Previous studies have also reported that dark meat is correlated with lower ratings for tenderness according to sensory taste panels. Wulf et al. (1996) found a significant relationship between the 2 traits citing that mean tenderness scores were 4.67, 5.26, and 5.76, respectively, for dark, normal, and pale beef. They also found that normal colored lean received greater ratings for flavor intensity than dark or pale colored lean; however, color was not a significant source of variation for taste panel juiciness. This study found no phenotypic and a negative genetic correlation between both initial and sustained juiciness and lean color but agreed with the previous studies showing significant positive phenotypic correlations (P < 0.01) between lean color and initial tenderness, sustained tenderness, beef flavor, flavor intensity, and overall mouthfeel. Additionally, the results indicated a moderately positive genetic correlation between lean color and flavor intensity and high positive genetic correlations between lean color and tenderness, beef flavor, and overall mouthfeel.

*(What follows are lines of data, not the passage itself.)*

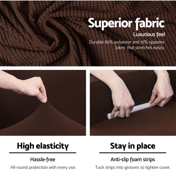 Sofa looking a tad tired? Thinking of getting a new one? Well, save yourself some money and get yourself an Artiss Sofa Cover instead. Just wrap it over your existing sofa and the old beauty is as good as new. There is even a separated cushion cover for sofas with detachable seat cushions to ensure neat and perfect-fitting coverage all around. Made of a durable mix of 85% polyester and 15% spandex, the sofa cover fabric is very stretchable and easy to manipulate. Its high elasticity helps to provide a good and taut fit without any hassles. If needed, the provided anti-slip foam strips can assist in tightening the cover further. Better still, the sofa cover is designed to suit any sofa with detachable seat cushions and is machine washable for easy cleaning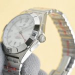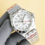 百年灵机械计时系列A32398101M1A1! Conomat Automatic T 40 重磅来袭! Ddd 1这款双时区腕表盘面简洁凌厉,读时清晰。黑色,蓝色,绿色,白色,烟煤灰,蓝间黄六种盘面色彩选择,款款让人爱不释手! Ddd 2表壳采用精钢制成,配备带有双密封垫的旋入式表冠,优良防水性能。精钢表圈单向旋转,装饰标志性的15分钟“骑马钉”! Ddd 3钢带为备受关注的蝴蝶扣辊珠精钢表链因其类似“子弹”的外型被称为“子弹链”。 Ddd 4表壳尺寸为40毫米,适合亚洲跟中国男士手腕! Ddd 5机芯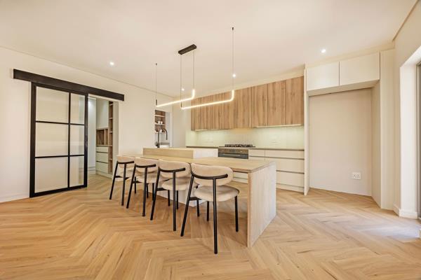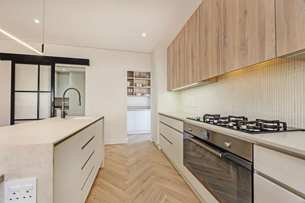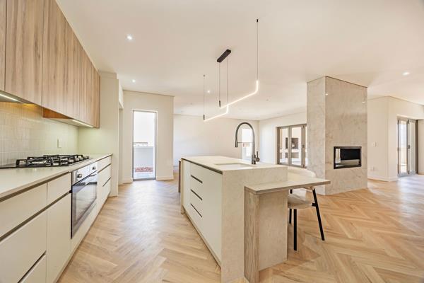 The gas fireplace in the centre of the living area and kitchen, has been cladded with bespoke Neolith. The porcelain centre island in the kitchen is a combination of solid oak and porcelain that is also from the Neolith range. The design and finishes of the kitchen is a delight with an open walk in pantry and spacious scullerylaundry.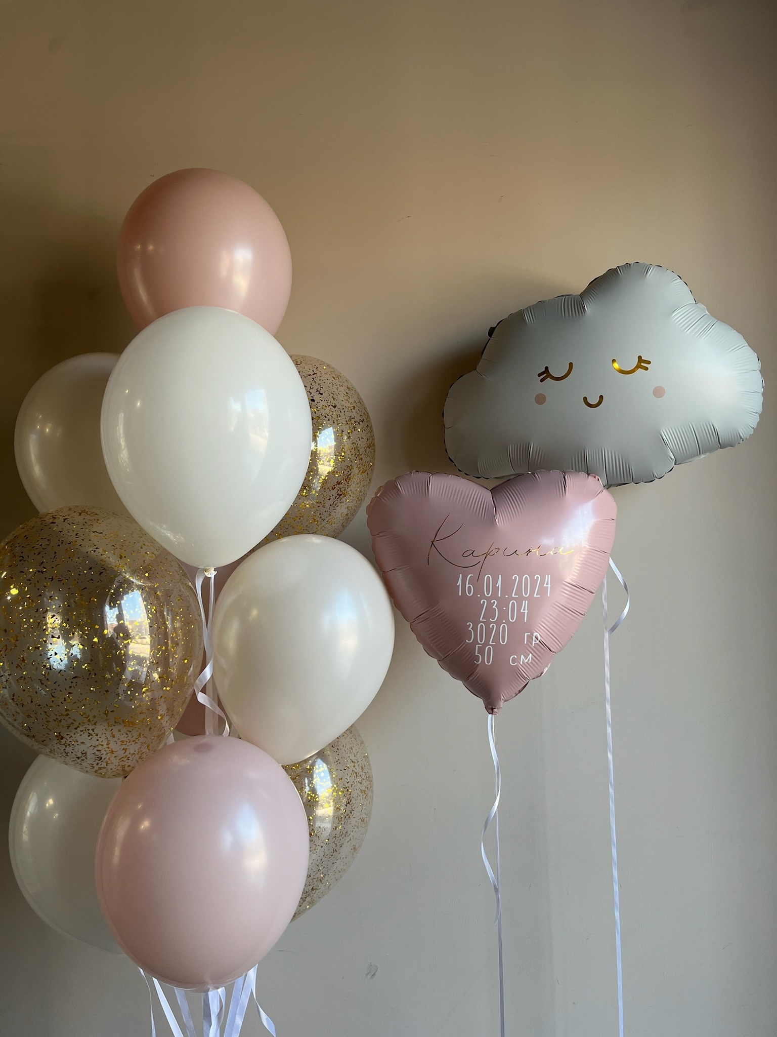 • Фонтан из 10 шаров (3 пыльная Роза, 2 белых, 2 крем, 3 прозрачных с конфетти)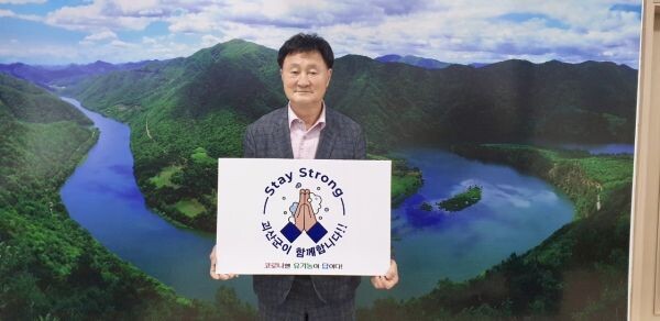 [무한뉴스] 신동운 괴산군의회 의장이 지난 6일 신종 코로나바이러스 감염증 극복과 조기 종식을 응원하는 ‘스테이 스트롱’ 릴레이 공익 캠페인에 동참해 코로나19로 어려움을 겪고 있는 국민들에게 희망의 메시지를 전했다.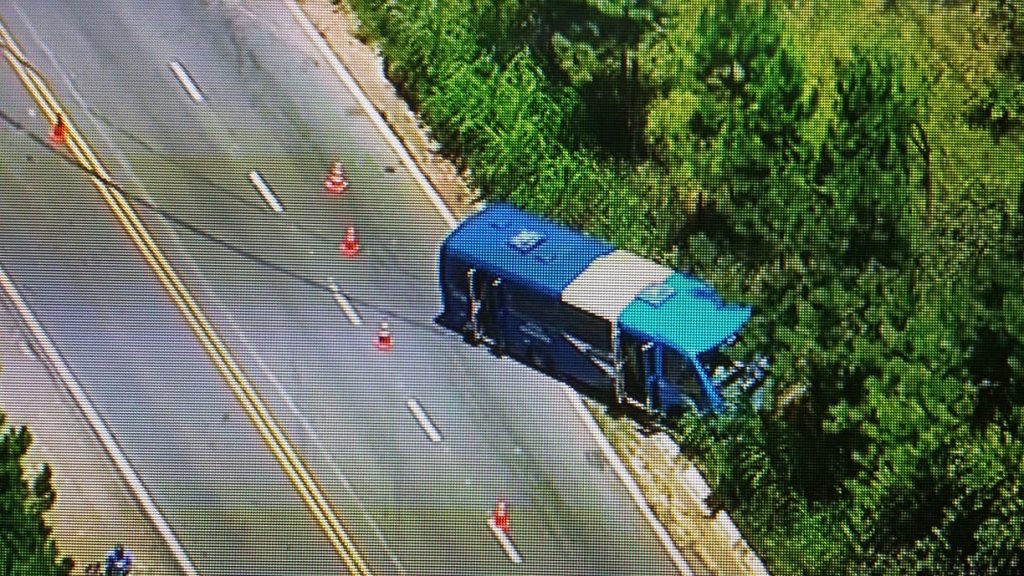 Após sete horas do acidente que ocorreu na madrugada desta segunda-feira (28), às 5h27, de acordo com informação do Corpo de Bombeiros, a parte da pista da Estrada Guarulhos-Nazaré Paulista, n° 100, continua bloqueada e com o micro-ônibus ainda no local. Os outros dois veículos também envolvidos no acidente, Gol e um Corsa, já foram retirados da pista.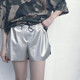 2017夏季新款原宿风银色网眼抽绳宽松短裤热裤透气拼接皮裤女夏潮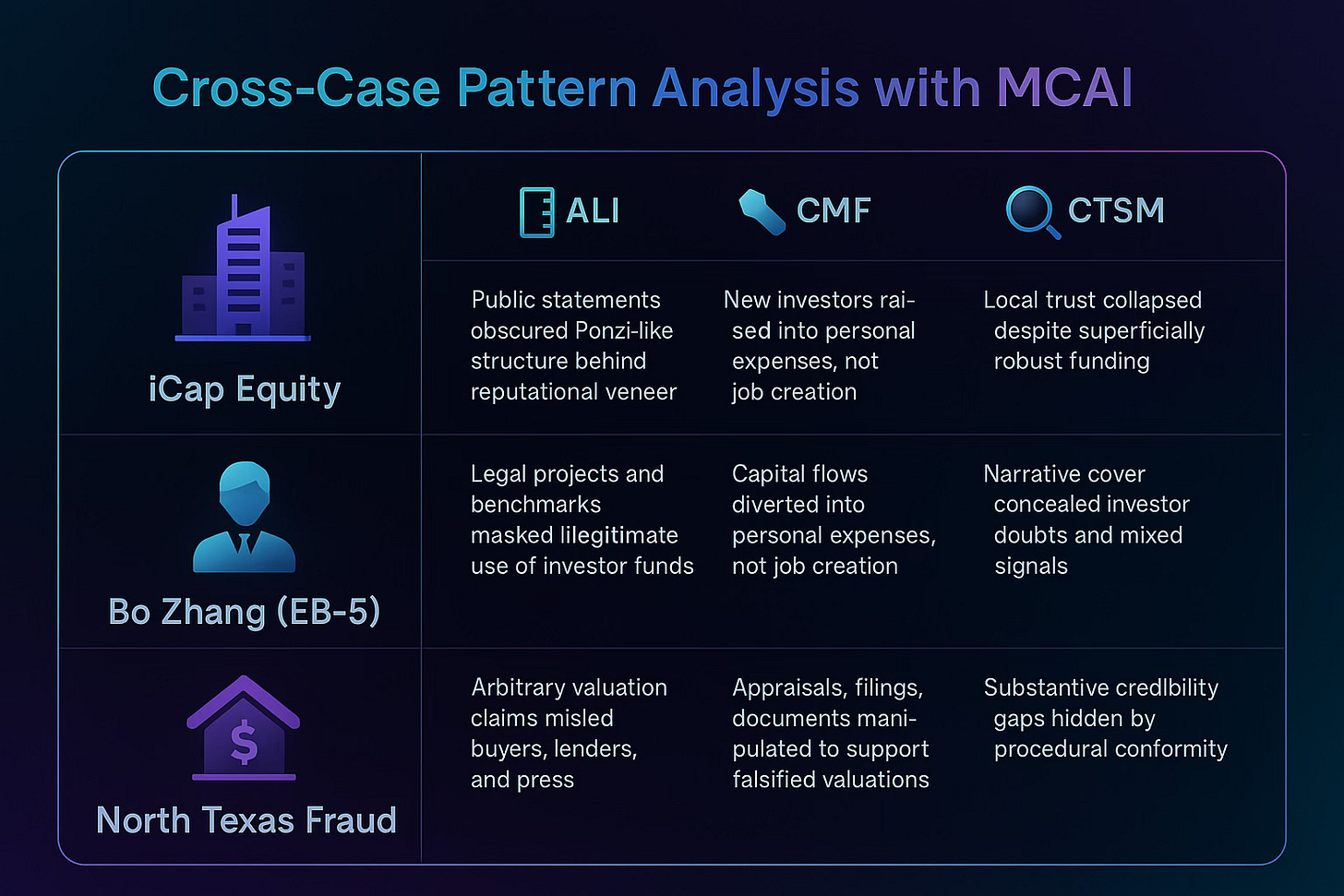 Across all three case studies—iCap Equity, Bo Zhang’s EB-5 scheme, and the North Texas appraisal fraud—a consistent pattern emerges: institutional actors were able to maintain the appearance of compliance while concealing behaviors that would later result in collapse, fraud, or litigation. These actors exploited reputational lag, regulatory gaps, and investor distance to create narrative cover. In each case, the signals tracked by MCAI—particularly Action–Language Integrity, Cognitive–Motor Fidelity, and Cognitive Trust Signal Model—diverged well before any enforcement action occurred.

Previous studies have reported significant relationships between Hunter colorimeter readings and sensory panel ratings. Wulf et al. (1997) found that there was a significant (P < 0.05) positive correlation between a* value and panel tenderness as well as b* value and panel tenderness; however, a* and b* values were not related to juiciness or flavor. Panea et al. (2008), on the other hand, found a positive correlation between a* value and sensory taste panel juiciness (0.36). Although the current results had no significant phenotypic correlations between a*, b*, and juiciness, significant positive phenotypic correlations were detected (P < 0.05) between a* and b* values and flavor intensity and overall mouthfeel. In addition, high genetic correlations were found between the a* value and b* value with sustained tenderness and the a* value and b* value with overall mouthfeel. Both the a* value and b* value were moderately correlated with initial tenderness. Also, b* value and beef flavor were moderately correlated genetically. Low genetic correlations were found between a* value and beef flavor whereas a* value and sustained juiciness were moderately negatively correlated.

Implications

Results from this study clearly indicate that lean color is not only heritable but genetically correlated with the palatability of beef. Lean color is also a trait that is economically feasible to measure in commercial harvest facilities, therefore suggesting that this is a trait that could not only be selected for and improved on in the industry but could also be evaluated in the plants with the opportunity for standards to be established and premiums given for carcasses that qualify for tenderness programs. Finally, these findings lead us to believe that there are potential opportunities for genomic tools to be developed for these phenotypic traits allowing for selection of cattle that will improve the tenderness of the end product.